__Instructions for the task__. For the records that follow, please set down exactly the lines between the one holding "2018-01: Wyburzono betonową" and the one holding "- Procesor: Intel(R)", inclusive, and only those.

__Input for this task__.
══════

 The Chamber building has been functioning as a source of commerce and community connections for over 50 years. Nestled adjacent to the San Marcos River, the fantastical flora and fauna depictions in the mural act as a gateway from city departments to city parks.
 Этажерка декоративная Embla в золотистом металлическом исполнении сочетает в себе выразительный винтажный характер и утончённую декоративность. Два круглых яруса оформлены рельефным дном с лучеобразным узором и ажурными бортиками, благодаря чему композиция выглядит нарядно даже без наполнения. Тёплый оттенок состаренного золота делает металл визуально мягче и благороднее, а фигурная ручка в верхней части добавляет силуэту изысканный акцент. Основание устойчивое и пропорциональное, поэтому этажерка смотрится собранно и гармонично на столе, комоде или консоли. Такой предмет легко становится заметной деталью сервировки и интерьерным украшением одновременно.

══════

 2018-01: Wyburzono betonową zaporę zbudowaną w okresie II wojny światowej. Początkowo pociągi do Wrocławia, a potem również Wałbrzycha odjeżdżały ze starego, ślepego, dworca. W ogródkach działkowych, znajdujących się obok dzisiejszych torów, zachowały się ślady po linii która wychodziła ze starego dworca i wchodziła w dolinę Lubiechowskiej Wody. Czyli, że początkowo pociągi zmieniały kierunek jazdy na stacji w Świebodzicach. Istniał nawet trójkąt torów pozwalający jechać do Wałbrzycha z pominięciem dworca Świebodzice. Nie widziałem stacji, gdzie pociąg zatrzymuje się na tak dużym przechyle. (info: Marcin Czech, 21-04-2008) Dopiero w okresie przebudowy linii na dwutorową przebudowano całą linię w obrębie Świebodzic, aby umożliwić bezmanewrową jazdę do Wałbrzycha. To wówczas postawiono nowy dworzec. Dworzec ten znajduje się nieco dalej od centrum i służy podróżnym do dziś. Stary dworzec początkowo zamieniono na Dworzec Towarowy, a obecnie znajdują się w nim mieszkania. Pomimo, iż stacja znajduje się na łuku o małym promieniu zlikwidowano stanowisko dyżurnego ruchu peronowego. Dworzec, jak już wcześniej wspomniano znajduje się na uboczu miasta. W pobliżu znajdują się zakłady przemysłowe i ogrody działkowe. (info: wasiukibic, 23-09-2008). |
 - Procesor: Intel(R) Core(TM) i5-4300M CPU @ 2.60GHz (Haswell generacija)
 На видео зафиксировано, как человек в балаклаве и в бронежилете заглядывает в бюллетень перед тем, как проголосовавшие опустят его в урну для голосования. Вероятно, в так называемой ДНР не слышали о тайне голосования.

══════

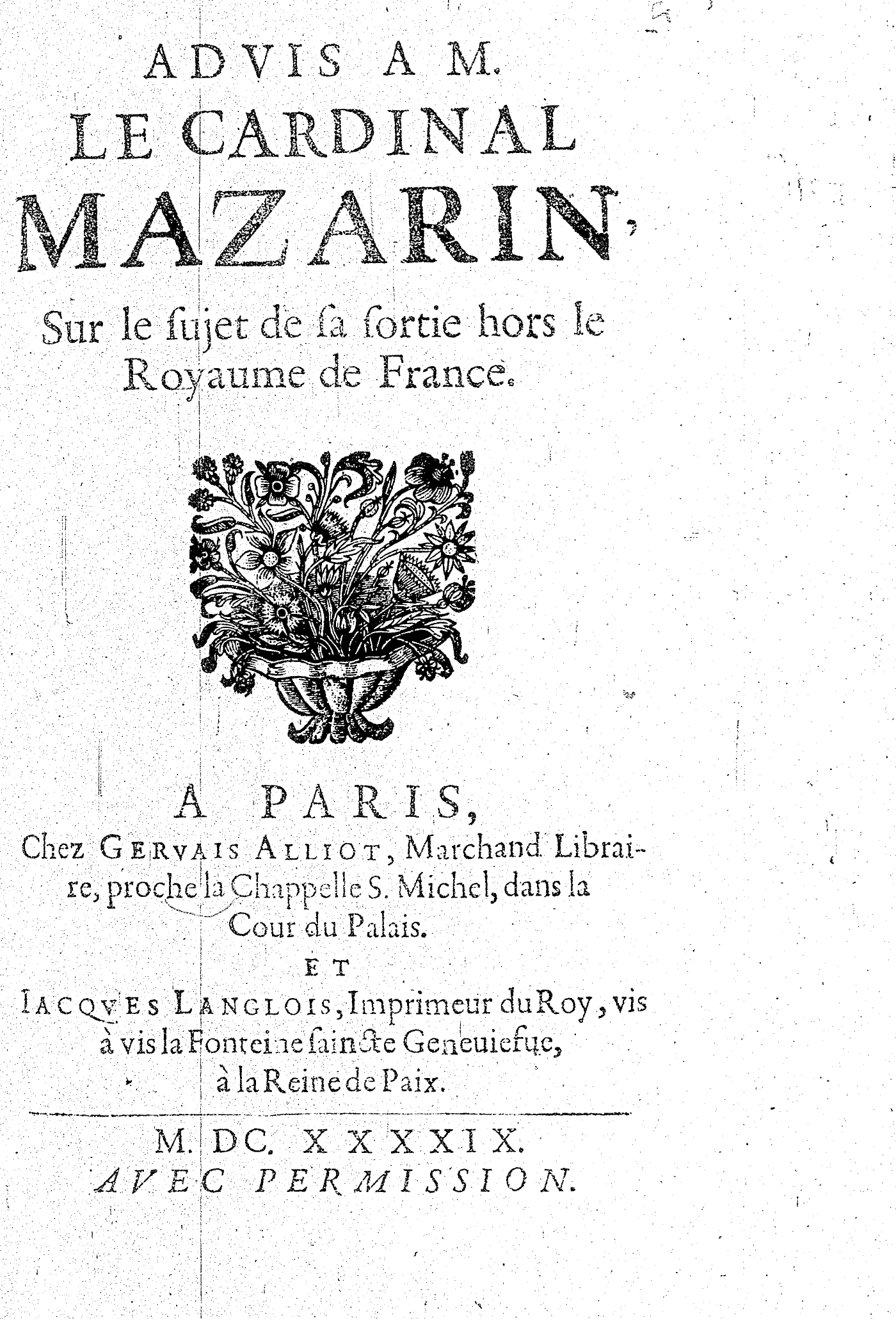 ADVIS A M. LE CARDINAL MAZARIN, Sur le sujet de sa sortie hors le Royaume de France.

══════

__Expected answer__.
 2018-01: Wyburzono betonową zaporę zbudowaną w okresie II wojny światowej. Początkowo pociągi do Wrocławia, a potem również Wałbrzycha odjeżdżały ze starego, ślepego, dworca. W ogródkach działkowych, znajdujących się obok dzisiejszych torów, zachowały się ślady po linii która wychodziła ze starego dworca i wchodziła w dolinę Lubiechowskiej Wody. Czyli, że początkowo pociągi zmieniały kierunek jazdy na stacji w Świebodzicach. Istniał nawet trójkąt torów pozwalający jechać do Wałbrzycha z pominięciem dworca Świebodzice. Nie widziałem stacji, gdzie pociąg zatrzymuje się na tak dużym przechyle. (info: Marcin Czech, 21-04-2008) Dopiero w okresie przebudowy linii na dwutorową przebudowano całą linię w obrębie Świebodzic, aby umożliwić bezmanewrową jazdę do Wałbrzycha. To wówczas postawiono nowy dworzec. Dworzec ten znajduje się nieco dalej od centrum i służy podróżnym do dziś. Stary dworzec początkowo zamieniono na Dworzec Towarowy, a obecnie znajdują się w nim mieszkania. Pomimo, iż stacja znajduje się na łuku o małym promieniu zlikwidowano stanowisko dyżurnego ruchu peronowego. Dworzec, jak już wcześniej wspomniano znajduje się na uboczu miasta. W pobliżu znajdują się zakłady przemysłowe i ogrody działkowe. (info: wasiukibic, 23-09-2008). |
 - Procesor: Intel(R) Core(TM) i5-4300M CPU @ 2.60GHz (Haswell generacija)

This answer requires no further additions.